The evidence further shows that respondent repeatedly refused to submit himself to an audit of his cash receipts and accounts as clerk of court by virtually playing hide-and-seek with government auditors and evading them, thereby obstructing the speedy administration of justice.chanrobles virtual lawlibrary

Thus, in a memorandum addressed to the Provincial Auditor, dated January 8, 1993, 10 it appears that when the Provincial Audit Team led by State Auditor III Estrella Q. Resurrection went to respondent’s office on December 8, 14, 15 and 16, 1992 to conduct an examination of the court’s funds, respondent and his designated collecting officer, Emy Austria, were nowhere to be found. Upon inquiry, Judge Ramon Añonuevo of the Regional Trial Court of Trece Martire(s) City, Branch 23, informed Resurreccion that respondent had been on leave from December 7 to 17, 1992. Resurreccion reported, however, that no approved application for leave was ever furnished them.

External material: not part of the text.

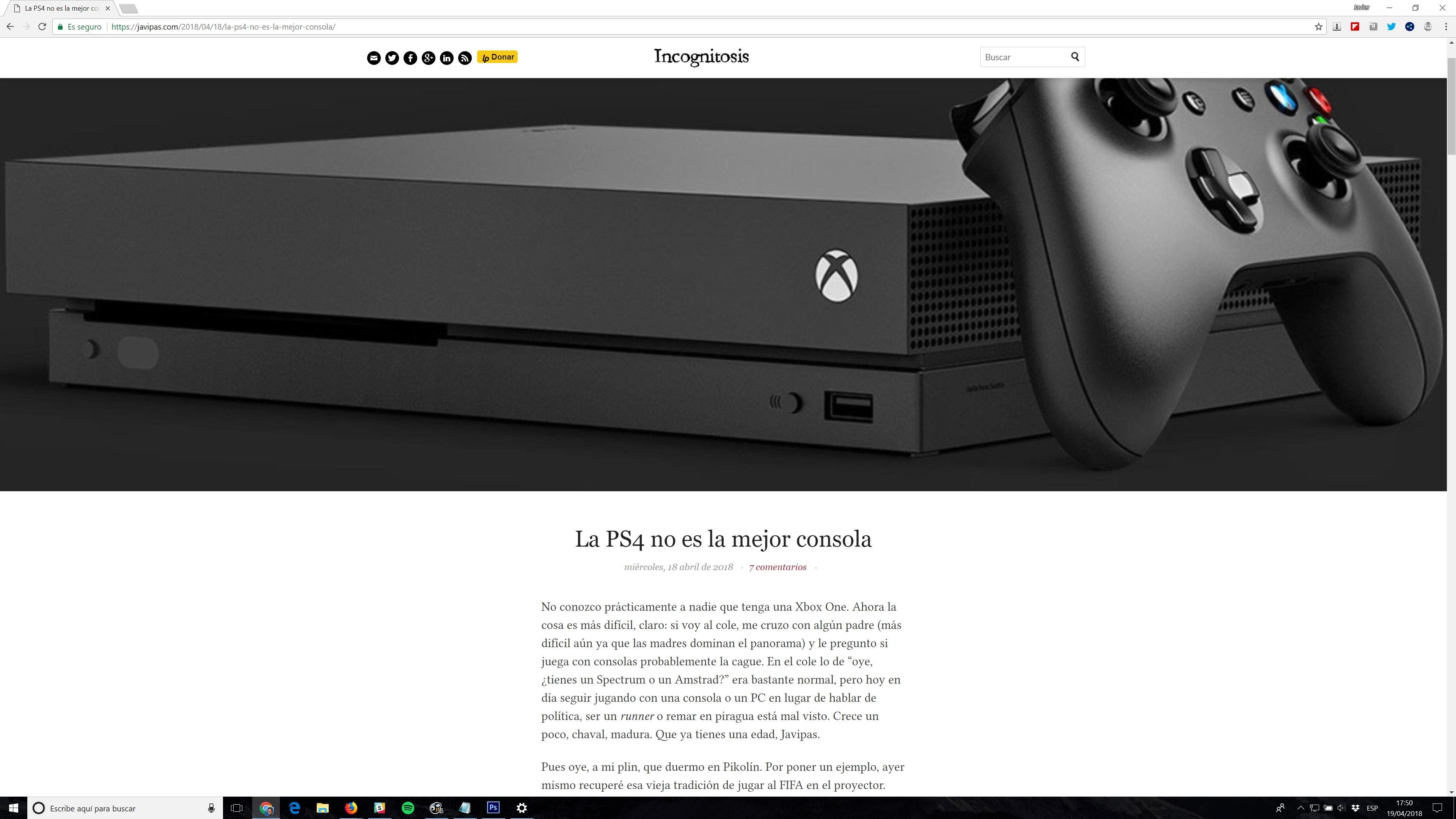 - Pestañas: por alguna extraña razón también se queja de las pestañas, que según él se crearon cuando las pantallas predominantes eran 4:3. No sé cuándo empezó a usarlas él, pero yo las empecé a usar en un navegador hará una década, y por entonces las pantallas 16:9 ya habían ganado la partida. El caso es que eso resta aún más espacio vertical al navegador, que ya tiene dos barras (direcciones y marcadores) quitando espacio. Para mí el compromiso es adecuado, y tampoco lo veo tan grave, pero en fin.

When respondent and Austria finally surfaced on December 18, 1992, Resurreccion informed them of the missing cashbook and receipts and verbally instructed them to locate the same within two weeks. After the two-week grace period, the team once again proceeded to respondent’s office. On their way thereto, they saw respondent at the lobby of the Capitol Building going to his office, so they immediately followed him to complete their examination. However, when the team reached the court, respondent’s staff informed them that he was not around.

On the foregoing chronicle of events, it is crystal-clear that, on several occasions, respondent repeatedly prevented the audit team from examining and auditing the funds of the court under his custody.

Branch clerks of court must realize that their administrative functions are vital to the prompt and proper administration of justice. They are charged with the efficient recording, filing and management of court records, besides having administrative supervision over court personnel. They play a big role in the complement of the court and cannot be permitted to slacken on their jobs under one pretext or another. 11

IN VIEW OF THE FOREGOING, the Court hereby imposes a FINE in the amount of P10,000.00 on respondent Atty. Jose R. Bawalan, with a WARNING that a repetition of the same or similar acts in the future will definitely be dealt with more severely.chanroblesvirtualawlibrary


Narvasa, C.J., Padilla and Puno, JJ., concur.


1. Rollo, 32.

2. Ibid., 32-33.

3. Manual for Clerks of Court, 2.

4. Rollo, 20.

5. Ibid., 27.

6. Manual for Clerks of Court, 187.

7. Ibid., 128. These include the Judiciary Development Fund, Clerk of Court-General Fund, Sheriff’s Fees-General Fund, and Fiduciary Fund.

8. Rollo, 1.

9. Ibid., 4.

10. Ibid., 17-18.

11. Nidua v. Lazaro, A.M. No. R-465 MTJ, June 29, 1989, 174 SCRA 581.